TensorFlow 2.x selected.


## Step 2: Importing the libraries

In [0]:
import tensorflow as tf
from tensorflow.keras.datasets import imdb

In [3]:
tf.__version__

'2.1.0'

## Step 3: Data Preprocessing

### Setting up the dataset parameters

In [0]:
number_of_words = 20000
max_len = 100

### Loading the IMDB dataset

In [6]:
(X_train, y_train), (X_test, y_test) = imdb.load_data(num_words=number_of_words)

Downloading data from https://storage.googleapis.com/tensorflow/tf-keras-datasets/imdb.npz


### Padding all sequences to be the same length 

In [0]:
X_train = tf.keras.preprocessing.sequence.pad_sequences(X_train, maxlen=max_len)

In [0]:
X_test = tf.keras.preprocessing.sequence.pad_sequences(X_test, maxlen=max_len)
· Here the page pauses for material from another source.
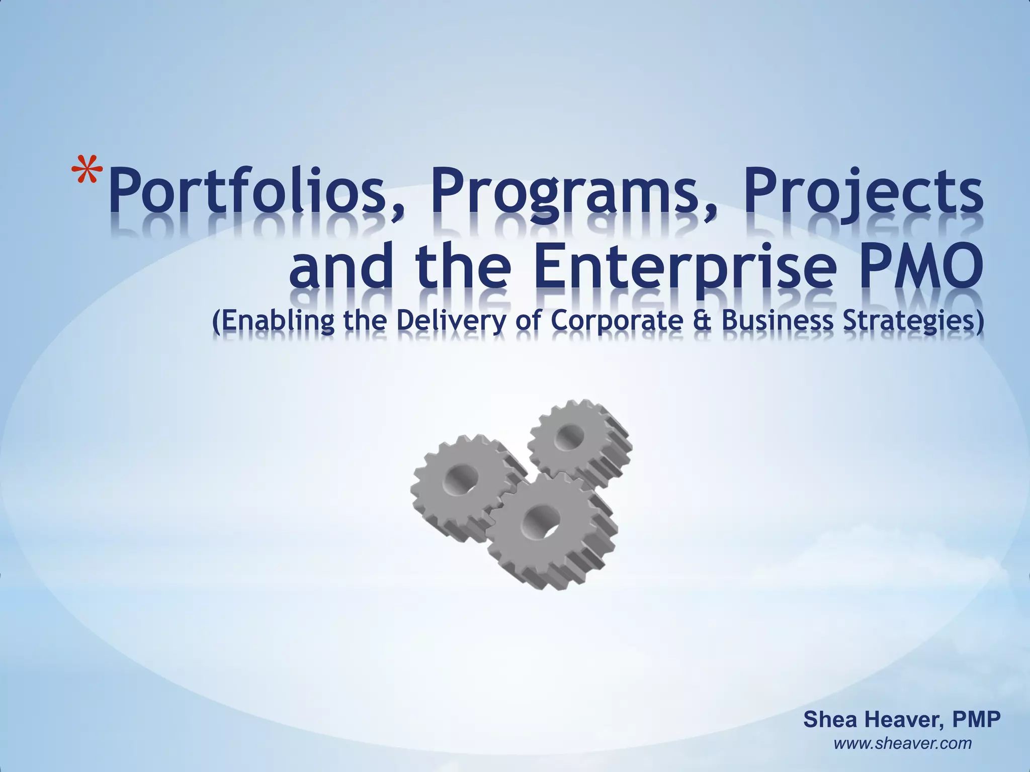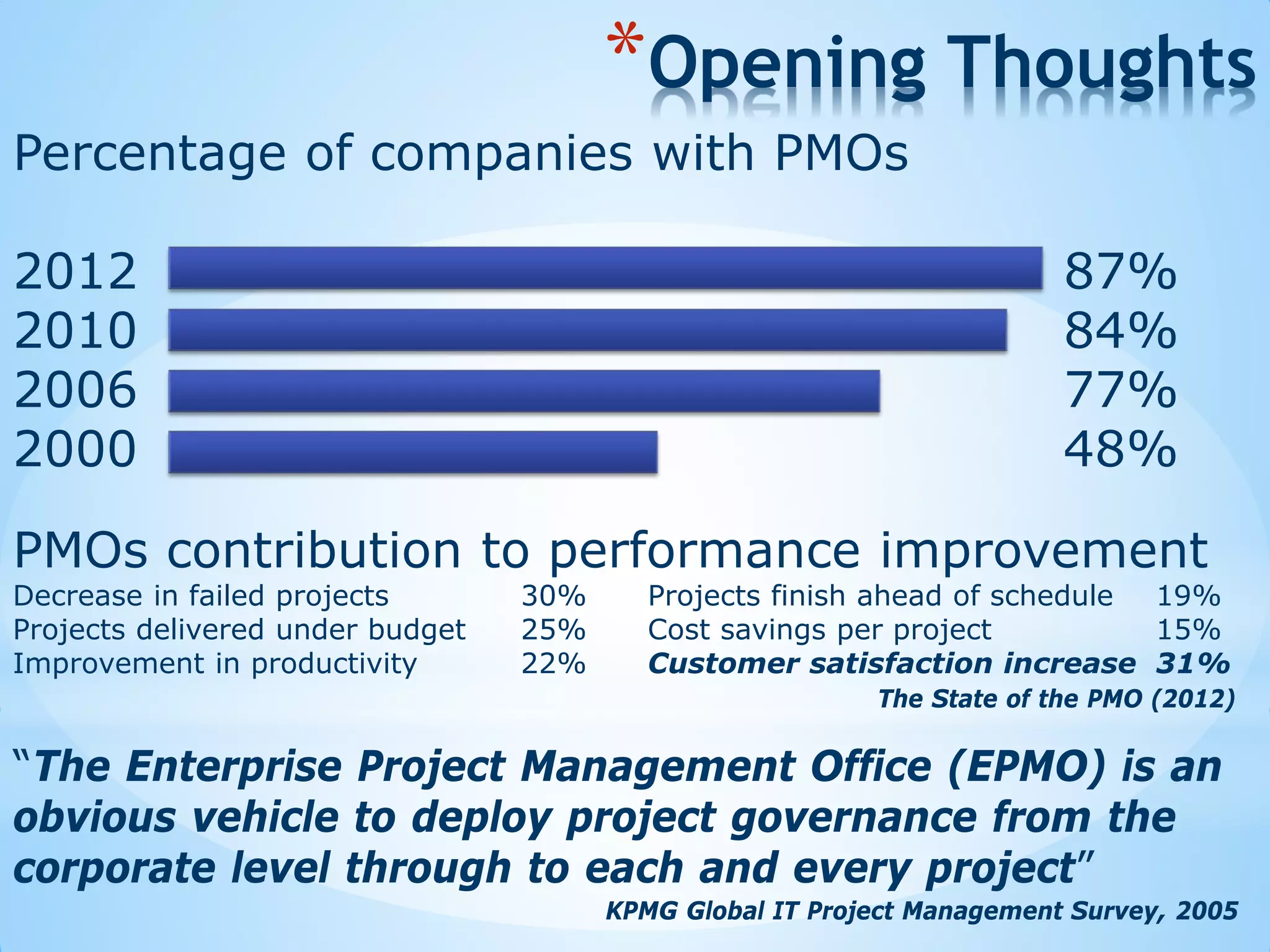 The document discusses the role of Project Management Offices (PMOs) in enabling the delivery of corporate and business strategies. It notes that PMOs have been shown to decrease failed projects by 30% and increase projects delivered under budget by 25%. The document then outlines how PMOs can support business alignment, project portfolio management, project governance, and more. It describes how corporate strategy drives business strategies, and how business strategies are implemented through programs, projects, and products. Finally, it argues that a PMO is needed to integrate business and technical strategies, apply standard practices and metrics across all projects, and provide a unified view of strategic endeavors through portfolio, program and project monitoring.

## Step 4: Building a Recurrent Neural Network

### Defining the model

In [0]:
model = tf.keras.Sequential()

### Adding the embedding layer

In [0]:
model.add(tf.keras.layers.Embedding(input_dim=number_of_words, output_dim=128, input_shape=(X_train.shape[1],)))

### Adding the LSTM layer

- units: 128
- activation: tanh

In [0]:
model.add(tf.keras.layers.LSTM(units=128, activation='tanh'))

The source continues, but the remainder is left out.